Eben diese Kritiker von der Leyens meinen bis heute, dass in der Staufer-Kaserne gar nichts aus dem Ruder gelaufen ist. Ein bisschen Härte bei der Ausbildung sei nötig, hört man von Generälen des Heeres dieser Tage häufig. Als Beleg wird gern angeführt, dass die strafrechtlichen Ermittlungen gegen die Ausbilder fallengelassen wurden. Durch das klare Urteil erhält die Ministerin nun erstmals seit Wochen Rückendeckung für ihre harte Linie. Hätte das Gericht die Kündigung für nichtig erklärt, wären die vier Soldaten zu Helden des Widerstands gegen von der Leyen geworden. Dass der Richter die Entlassung nun als alternativlos darstellte, sorgte im Ministerium für Erleichterung.

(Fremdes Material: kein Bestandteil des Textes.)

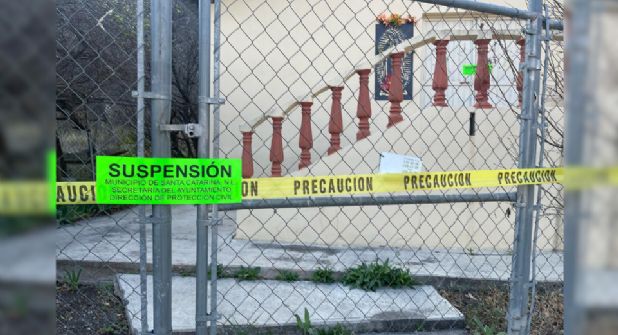 Santa Catarina.- Ante el riesgo de un deslave y con el objetivo de proteger la integridad de las personas, el Municipio de Santa Catarina, a través de Protección Civil Jaguares, ha resguardado el acceso a la iglesia de la comunidad de San Antonio de la Osamenta, en la Sierra Alta.

Ausgestanden ist die Krise indes noch nicht. So ist der Riss zwischen Ministerin und Truppe kaum mehr zu kitten. Angeblich wollen einige Generäle sogar bald bei der CDU-Spitze darauf drängen, dass nach der Wahl ein neuer Hausherr in den Bendler-Block zieht. So richtig mag kaum noch jemand an eine zweite Amtszeit von der Leyens als Befehlshaberin glauben.